Problem description
Return only the lines running from the one that contains "ودليلنا ما روى" through the end of the entries, exactly, both ends included. Omit pictures.

Segment Start: Information shown

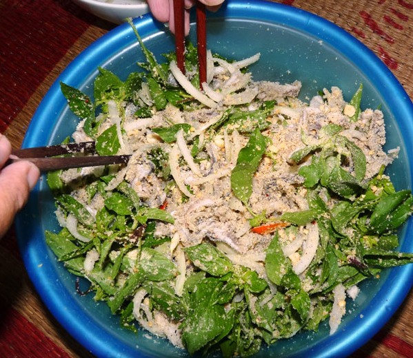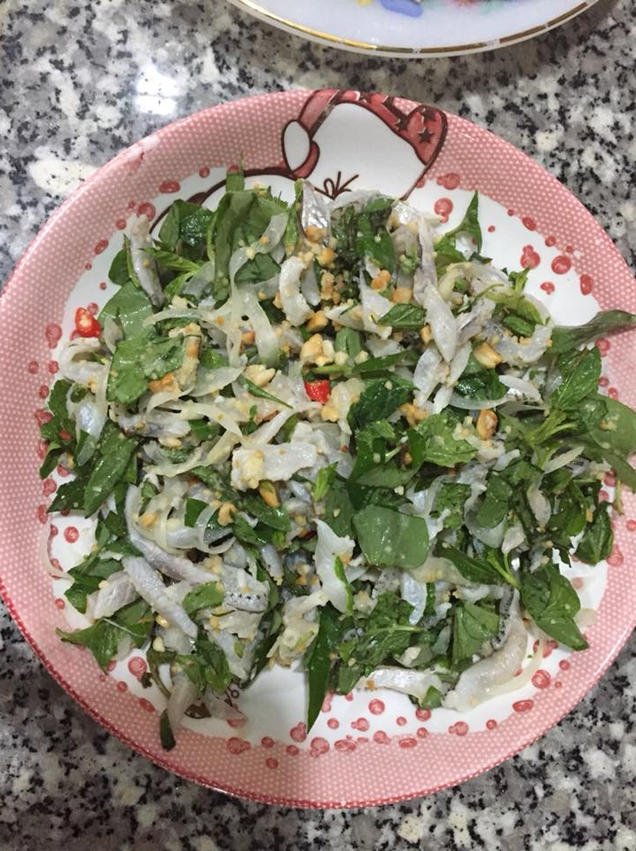 Rồi rắc trên mặt đĩa gỏi đậu phộng rang giòn, ớt đỏ xắt lát, thêm bánh tráng nướng, bánh tráng cuốn, nước chấm. Vậy là đã có bữa gỏi cá dỗi ngon lành. Cá dỗi thịt thơm dai và ngọt hơn cá trích, cá mai nên được nhiều người ưa chuộng.
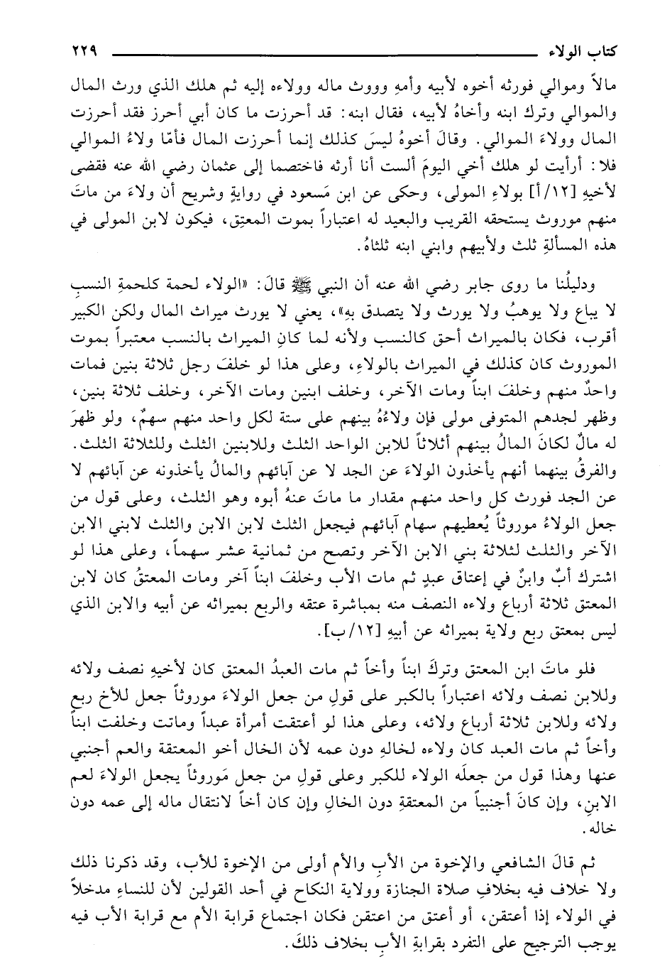 ودليلنا ما روى جابر رضي الله عنه أن النبي - صلى الله عليه وسلم - قال: «الولاء لحمة كلحمة النسب لا يباع ولا يوهب ولا يورث ولا يتصدق به»، يعني لا يورث ميراث المال ولكن الكبير أقرب، فكان بالميراث أحق كالنسب ولأنه لما كان الميراث بالنسب معتبرًا بموت الموروث كان كذلك في الميراث بالولاء، وعلى هذا لو خلف رجل ثلاثة بنين فمات واحد منهم وخلف ابنًا ومات الآخر، وخلف ابنين ومات الآخر، وخلف ثلاثة بنين، وظهر لجدهم المتوفى مولى فإن ولاءه بينهم على ستة لكل واحد منهم سهم، ولو ظهر له مال لكان المال بينهم أثلاثًا للابن الواحد الثلث وللابنين الثلث وللثلاثة الثل. والفرق بينهما أنهم يأخذون الولاء عن الجد لا عن آبائهم والمال يأخذونه عن آبائهم لا عن الجد فورث كل واحد منهم مقدار ما مات عنه أبوه وهو الثلث، وعلى قوله من جعل الولاء موروثا يعطيهم سهام آبائهم فيجعل الثلث لابن الابن والثلث لابني الابن الآخر والثلث لثلاثة بني الابن الآخر وتصح من ثمانية عشر سهمًا، وعلى هذا لو اشترك أب وابن في إعتاق عبد ثم مات الأب وخلف ابنًا آخر ومات المعتق كان لابن المعتق ثلاثة أرباع ولاءه النصف منه بمباشرة عتقه والربع بميراثه عن أبيه والابن الذي ليس بمعتق ربع ولاية بميراثه عن أبيه [12/ ب].
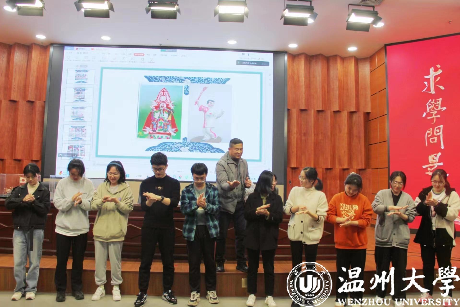 “传统米塑展现了历代人们对美好生活的祝愿与文化审美的追求。米塑在温州人生活中‘随处可见’,比如老人做寿所需的米塑大寿桃、过年招财用的米塑元宝等等。”陈贻春以米塑文化的来源和历史内涵引入,为同学们详细讲解了自己的米塑作品。随后,陈贻春更是邀请了十名同学上台,近距离学习米塑的制作工艺。同学们在老师的手把手指导下捏出了一只只活灵活现的“小兔子”,感受指尖上的非遗艺术传承。
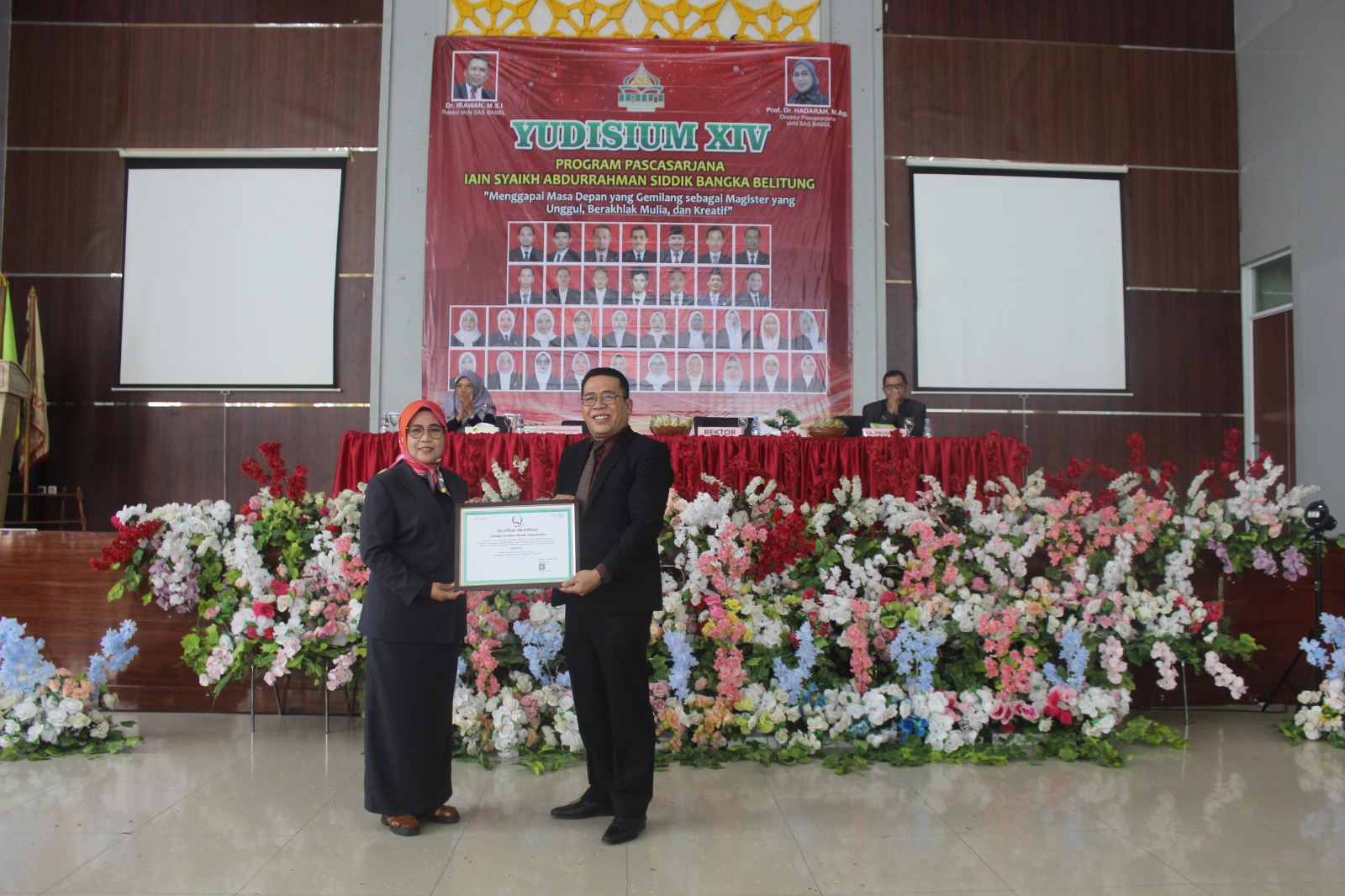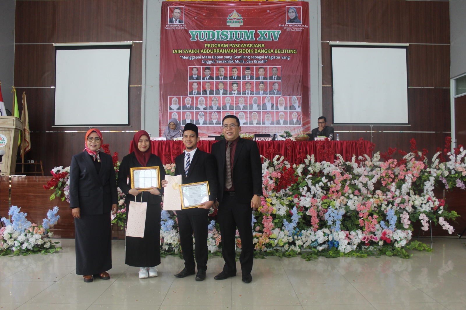 Dalam sambutannya Direktur Pascasarjana IAIN SAS Babel Prof. Dr. Hadarah, M.Ag menyampaikan apresiasi atas inisiasi Mahasiswa Pascasarjana sehingga Yudisium XIV dapat terlaksana.
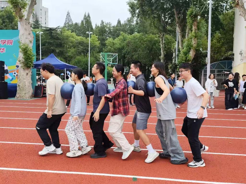 “预备——开始!”哨声响起,大家同步迈动脚步,步频一致、幅度相当,如同被无形的线牵引着向前推进。没有意外的掉球,也没有慌乱的调整,夹在中间的瑜伽球仿佛长在了队员身上,始终稳稳贴合,不见丝毫晃动。赛道旁,观众们屏息凝神,从最初的紧张期待,渐渐变成了连连赞叹,加油声中多了不少“好稳!”“太默契了!”的惊呼。最终,我们以14秒的优异成绩拿下了第二名,再次取得团体10分的成绩!队员们全程零失误的稳定发挥,是“心同频、步同步”的协作智慧,让这场比拼成为赛场最“稳”的风景线。

Segment End: Information shown

Output below
 ودليلنا ما روى جابر رضي الله عنه أن النبي - صلى الله عليه وسلم - قال: «الولاء لحمة كلحمة النسب لا يباع ولا يوهب ولا يورث ولا يتصدق به»، يعني لا يورث ميراث المال ولكن الكبير أقرب، فكان بالميراث أحق كالنسب ولأنه لما كان الميراث بالنسب معتبرًا بموت الموروث كان كذلك في الميراث بالولاء، وعلى هذا لو خلف رجل ثلاثة بنين فمات واحد منهم وخلف ابنًا ومات الآخر، وخلف ابنين ومات الآخر، وخلف ثلاثة بنين، وظهر لجدهم المتوفى مولى فإن ولاءه بينهم على ستة لكل واحد منهم سهم، ولو ظهر له مال لكان المال بينهم أثلاثًا للابن الواحد الثلث وللابنين الثلث وللثلاثة الثل. والفرق بينهما أنهم يأخذون الولاء عن الجد لا عن آبائهم والمال يأخذونه عن آبائهم لا عن الجد فورث كل واحد منهم مقدار ما مات عنه أبوه وهو الثلث، وعلى قوله من جعل الولاء موروثا يعطيهم سهام آبائهم فيجعل الثلث لابن الابن والثلث لابني الابن الآخر والثلث لثلاثة بني الابن الآخر وتصح من ثمانية عشر سهمًا، وعلى هذا لو اشترك أب وابن في إعتاق عبد ثم مات الأب وخلف ابنًا آخر ومات المعتق كان لابن المعتق ثلاثة أرباع ولاءه النصف منه بمباشرة عتقه والربع بميراثه عن أبيه والابن الذي ليس بمعتق ربع ولاية بميراثه عن أبيه [12/ ب].
 “传统米塑展现了历代人们对美好生活的祝愿与文化审美的追求。米塑在温州人生活中‘随处可见’,比如老人做寿所需的米塑大寿桃、过年招财用的米塑元宝等等。”陈贻春以米塑文化的来源和历史内涵引入,为同学们详细讲解了自己的米塑作品。随后,陈贻春更是邀请了十名同学上台,近距离学习米塑的制作工艺。同学们在老师的手把手指导下捏出了一只只活灵活现的“小兔子”,感受指尖上的非遗艺术传承。
 Dalam sambutannya Direktur Pascasarjana IAIN SAS Babel Prof. Dr. Hadarah, M.Ag menyampaikan apresiasi atas inisiasi Mahasiswa Pascasarjana sehingga Yudisium XIV dapat terlaksana.
 “预备——开始!”哨声响起,大家同步迈动脚步,步频一致、幅度相当,如同被无形的线牵引着向前推进。没有意外的掉球,也没有慌乱的调整,夹在中间的瑜伽球仿佛长在了队员身上,始终稳稳贴合,不见丝毫晃动。赛道旁,观众们屏息凝神,从最初的紧张期待,渐渐变成了连连赞叹,加油声中多了不少“好稳!”“太默契了!”的惊呼。最终,我们以14秒的优异成绩拿下了第二名,再次取得团体10分的成绩!队员们全程零失误的稳定发挥,是“心同频、步同步”的协作智慧,让这场比拼成为赛场最“稳”的风景线。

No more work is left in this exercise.